Come raccontato da Formiche.net, il piano di ritiro è legato alle numerose frizioni con Berlino, a partire da quella energetica. “La Germania sta pagando miliardi di dollari alla Russia per forniture d’energia”, ha detto il presidente con riferimento al Nord Stream 2. “Tu spendi miliardi di dollari a favore della Russia, e noi ti difendiamo dalla Russia? Credo che non funzioni così”, ha chiosato Trump dalla Casa Bianca. A tal proposito Pompeo ha spiegato che “con il Nord Stream 2” il presidente russo Vladimir Putin, “che sarà al potere ancora per un po’ di tempo, avrà grande influenza in Germania”.

FRONTIERE CHIUSE

Il segretario Pompeo è intervenuto anche sul tema delle frontiere rispondendo a una domanda legata a uno scoop del New York Times: come raccontato anche da Formiche.net nelle bozze di elenco dei Paesi a cui l’Unione europea riaprirà le frontiere il prossimo primo luglio non ci sono gli Stati Uniti (ma c’è la Cina). Il capo della diplomazia statunitense ha spiegato che “decidere quando aprire le nostre economie e le nostre società è una grande sfida per tutti noi. Stiamo lavorando con le nostre controparti europee per fare le scelte giuste”. Poi ha aggiunto che “una dozzina o più Paesi dell’Unione europea hanno mostrato interesse ad aprire le frontiere agli Stati Uniti”. Difficile prevede come questo si tradurrà la prossima settimana.
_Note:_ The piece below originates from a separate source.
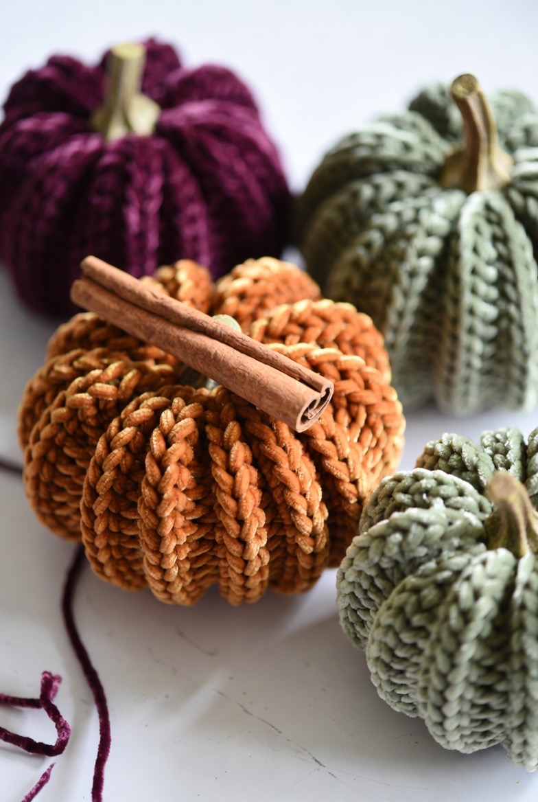 Nothing says autumn quite like a cluster of pumpkins, and using a velvet-textured yarn takes this traditional shape to a whole new level of luxury. By working in a simple rectangle of half-double crochet in the back loop only, you create deep, organic ridges that mimic the natural curves of a real gourd. These pumpkins are wonderful because they allow you to play with a sophisticated color palette, think deep plum, burnt orange, and sage green, that complements your existing furniture. Topping them with a real cinnamon stick for a stem adds a rustic touch and a subtle, spicy fragrance to your living room or entryway display.

Infatti, l’Unione europea non può costringere gli Stati membri ad adottare le nuove misure, ma i funzionari europei ha già avvertito che il mancato rispetto da parte di uno qualsiasi dei 27 potrebbe portare alla reintroduzione dei confini all’interno del blocco.

IL NUCLEARE IRANIANO

“Sull’Iran gli europei hanno torto”, ha dichiarato Pompeo. “Non c’è dubbio che la campagna di massima pressione dato effetti”. La grande preoccupazione di Washington ora è rivolta alle armi: “La bomba atomica nelle mani degli ayatollah sarebbe molto pericolosa per il mondo intero”, ha spiegato. Per questo, gli Stati Uniti presenteranno “una proposta al Consiglio di sicurezza delle Nazioni Unite nelle prossime settimane per giustificare l’estensione dell’embargo sulle armi all’Iran. Ciò è essenziale per la sicurezza europea, non solo americana”, ha spiegato. “Sarà difficile per gli europei trovare un argomento valido per non estendere questo embargo sulle armi”.